Records contained in a dataset
________________________________________

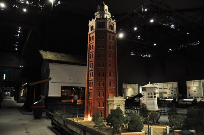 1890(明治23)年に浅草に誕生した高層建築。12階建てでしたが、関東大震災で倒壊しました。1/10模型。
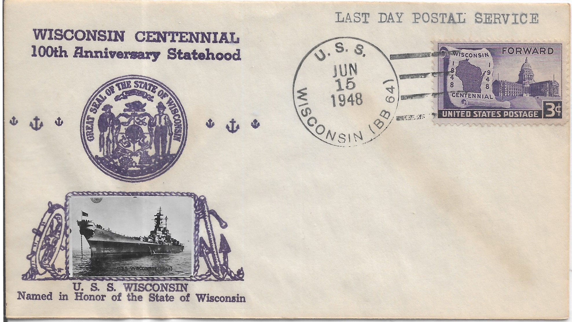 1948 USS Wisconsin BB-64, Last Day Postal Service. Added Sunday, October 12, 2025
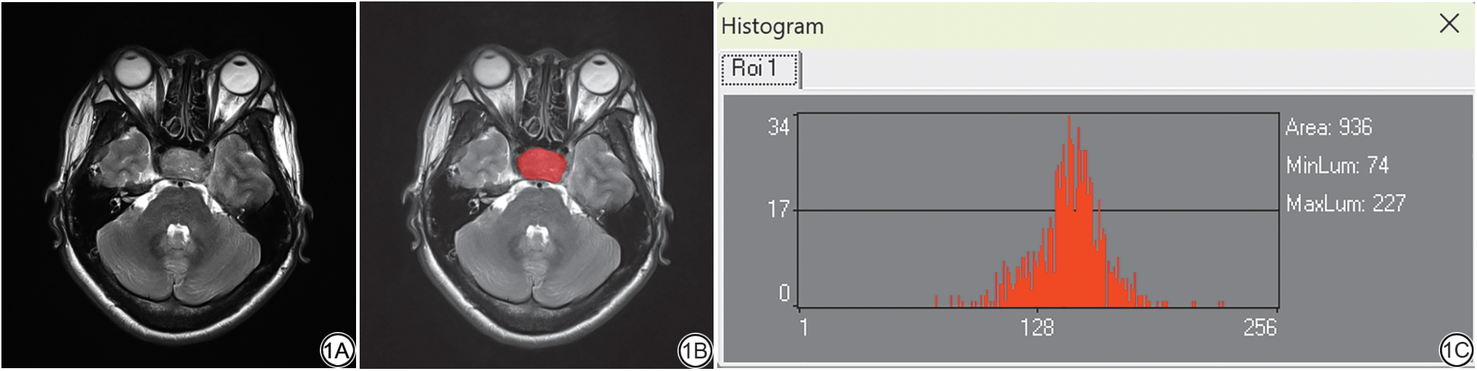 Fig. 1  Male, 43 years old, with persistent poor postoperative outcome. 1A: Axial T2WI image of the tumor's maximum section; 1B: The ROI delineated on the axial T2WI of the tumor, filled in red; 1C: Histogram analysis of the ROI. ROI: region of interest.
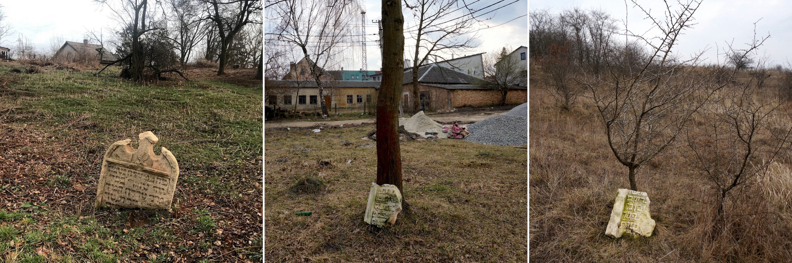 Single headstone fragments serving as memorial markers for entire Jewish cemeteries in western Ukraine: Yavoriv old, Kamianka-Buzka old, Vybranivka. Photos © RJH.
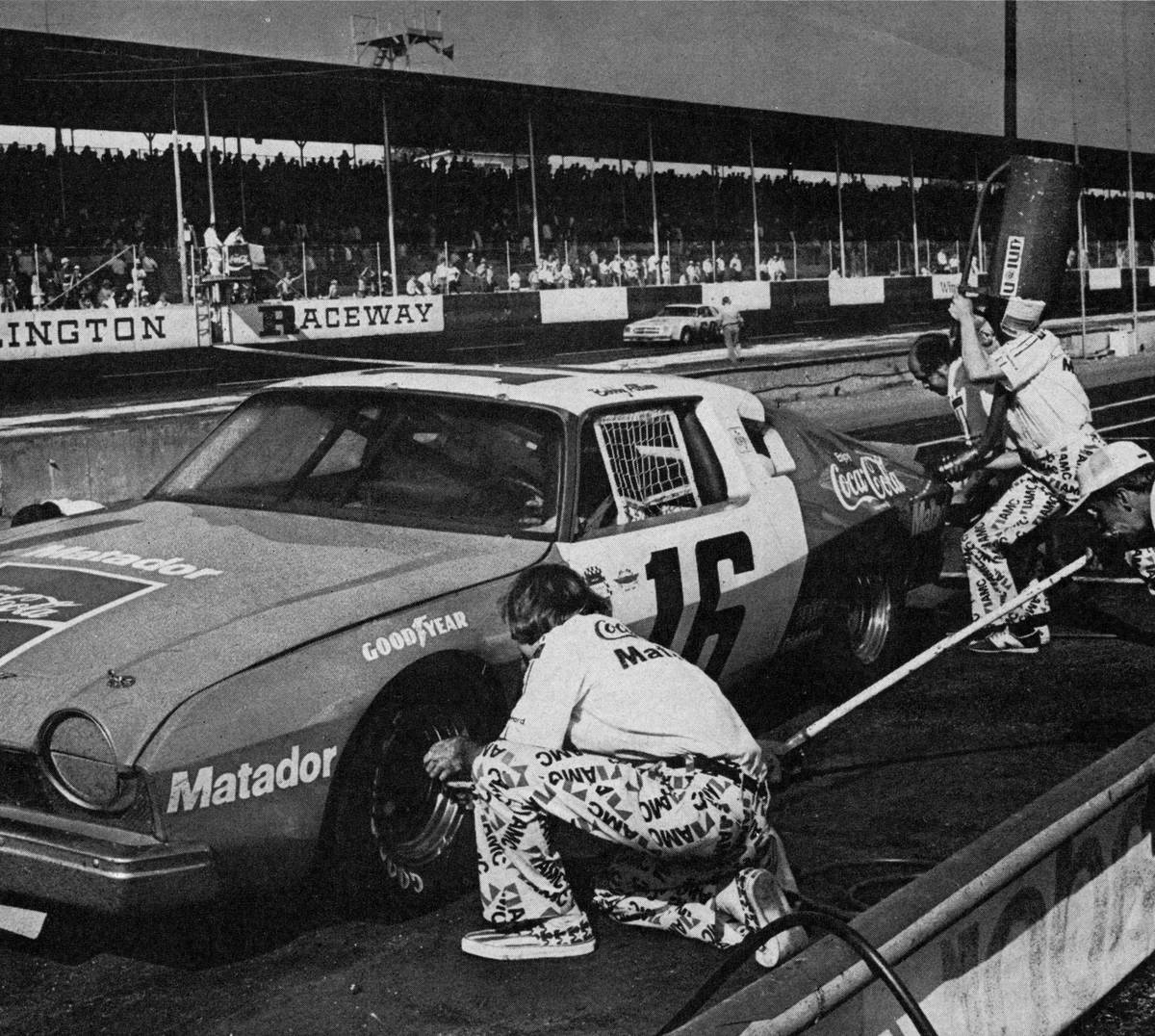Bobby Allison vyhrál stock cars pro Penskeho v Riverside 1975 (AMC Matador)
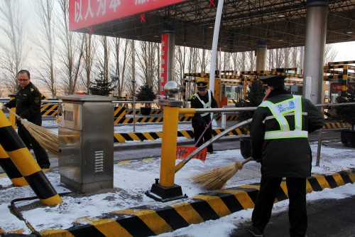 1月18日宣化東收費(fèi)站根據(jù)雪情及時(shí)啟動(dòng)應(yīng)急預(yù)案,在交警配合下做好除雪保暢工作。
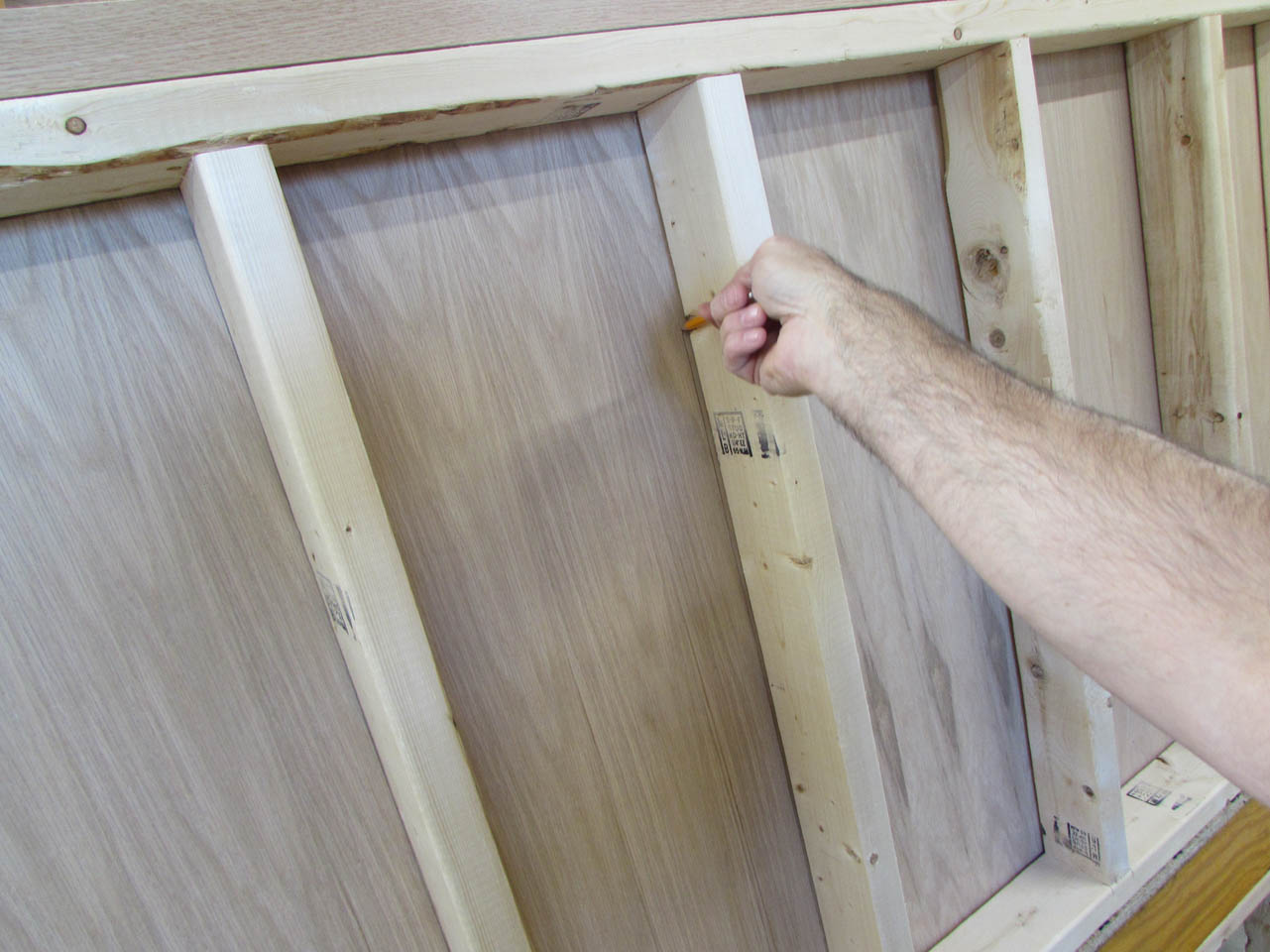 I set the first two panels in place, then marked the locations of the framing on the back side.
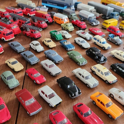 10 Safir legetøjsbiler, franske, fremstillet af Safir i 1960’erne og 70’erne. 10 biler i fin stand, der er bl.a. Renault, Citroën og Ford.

________________________________________

## EXERCISE PROMPT
One exact copy of the data, no pictures: write it out line for line.

## RESPONSE
 1890(明治23)年に浅草に誕生した高層建築。12階建てでしたが、関東大震災で倒壊しました。1/10模型。
 1948 USS Wisconsin BB-64, Last Day Postal Service. Added Sunday, October 12, 2025
 Fig. 1  Male, 43 years old, with persistent poor postoperative outcome. 1A: Axial T2WI image of the tumor's maximum section; 1B: The ROI delineated on the axial T2WI of the tumor, filled in red; 1C: Histogram analysis of the ROI. ROI: region of interest.
 Single headstone fragments serving as memorial markers for entire Jewish cemeteries in western Ukraine: Yavoriv old, Kamianka-Buzka old, Vybranivka. Photos © RJH.
Bobby Allison vyhrál stock cars pro Penskeho v Riverside 1975 (AMC Matador)
 1月18日宣化東收費(fèi)站根據(jù)雪情及時(shí)啟動(dòng)應(yīng)急預(yù)案,在交警配合下做好除雪保暢工作。
 I set the first two panels in place, then marked the locations of the framing on the back side.
 10 Safir legetøjsbiler, franske, fremstillet af Safir i 1960’erne og 70’erne. 10 biler i fin stand, der er bl.a. Renault, Citroën og Ford.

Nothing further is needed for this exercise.